In 1989, Francis Fukuyama published a much-debated paper entitled “The End of History”, which, three years later was expanded into a book titled “The End of History and the Last Man”.  Fukuyama’s central argument was that, with the collapse of communism and the end of the Cold War, liberal democracy had won and established itself as the central principle which would inform how all states would be run.  Now, of course there are plenty criticisms of Fukuyama, and I myself have always been more oriented towards Huntington’s “Clash of Civilisations” theory (without the inherent racism apparent in some sections) but the point I’d make is that, at the time of Fukuyama’s writing, he did have some evidence for his thesis.

That’s not to say that “we’re all liberal democrats now” (note the lower case) in any form – and I don’t think that he’d argue that we would be, just that we are all on that trajectory.  But in the 1980s and 1990s we did see a major shift towards liberal democracy (predominantly in Eastern Europe) in line with Fukuyama’s theory.  States who had never seen democracy began to embrace the concept, replacing totalitarian communist states with varying degrees of democratic institutions.
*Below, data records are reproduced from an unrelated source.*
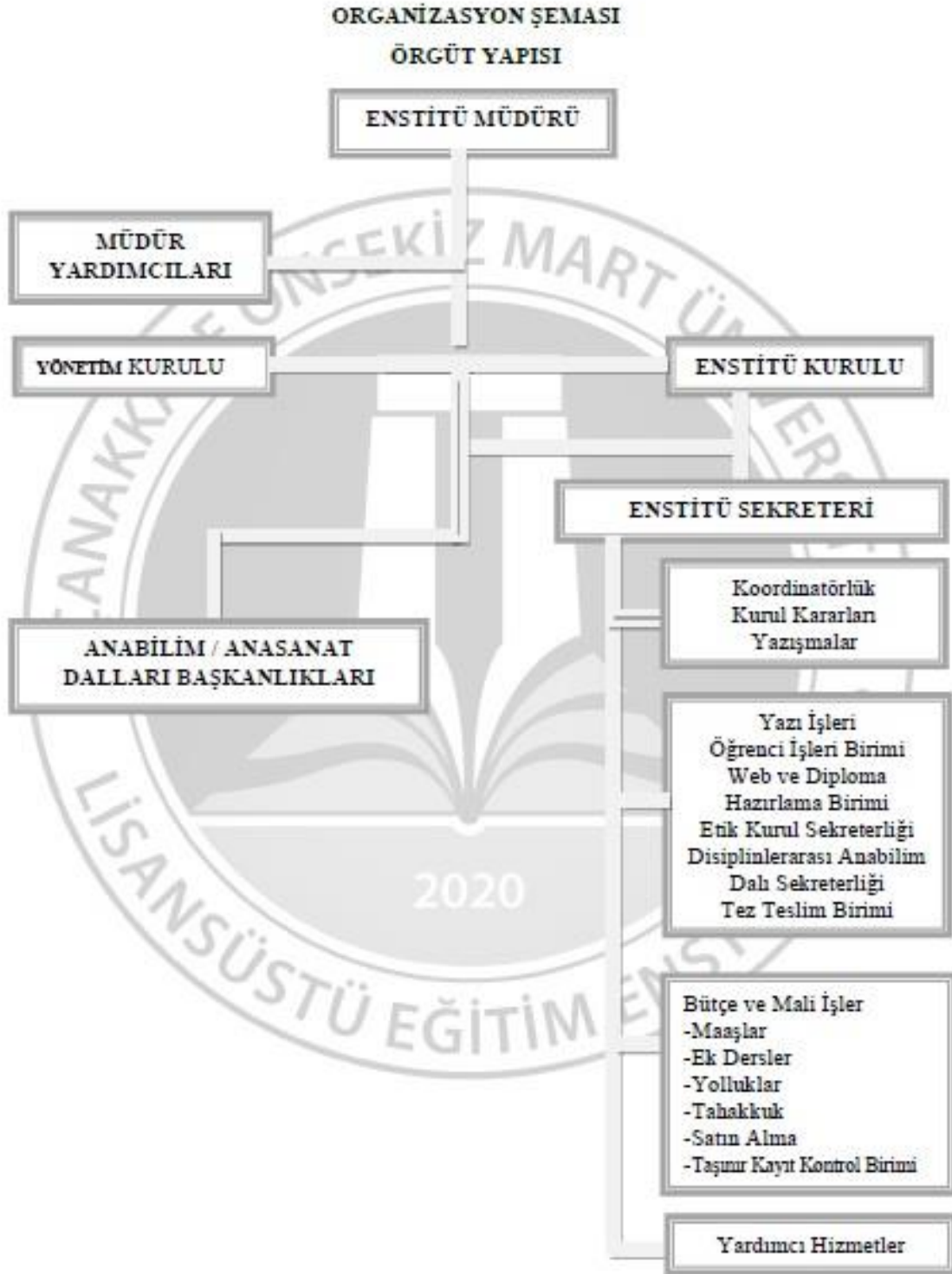
Tablo 28. Lisansüstü Eğitim Enstitüsü Organizasyon Şeması
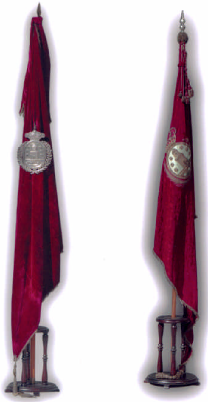
Los dos pendones de la ciudad de Betanzos.
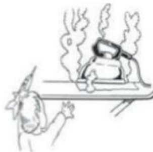
Ferro de passar roupa
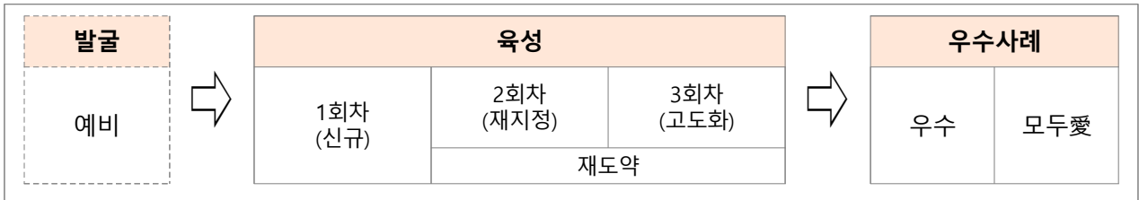
< 마을기업 성장단계에 따른 구분 >
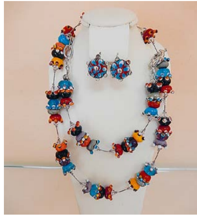
Souprava z českých vintných perli

But while these new democracies began to, if not love the concept then at least learn to live with it, modern western democracies began to fall out of love with democracy – or at least in the way they themselves practised it.  Witness falling election turnouts in Britain (1992 onwards), US Presidential (1960-2008) and Federal (1962-2006), French Parliamentary (1945-2007) and the general malaise about political representatives and apathy about our political systems.  Okay, I’m using figures which emphasise my point (and you can find states which will contradict me – Italy’s turnout has increased, though you’d hardly call that a model western democracy) but you see what I’m saying.  We’re getting to be fed up with democracy just as these states are understanding why we loved it in the first place

But maybe its not democracy that we’re fed up with, but how we practise it.  Maybe representative democracy has had its day, and we need to move to more direct or deliberative democracy.  Yeah, I know – trying to get a chamber of 129 MSPs or 650 MPs to decide agree on anything, how do you get a population of 5 million or 60 million to make decisions?  But it doesn’t need to go that far.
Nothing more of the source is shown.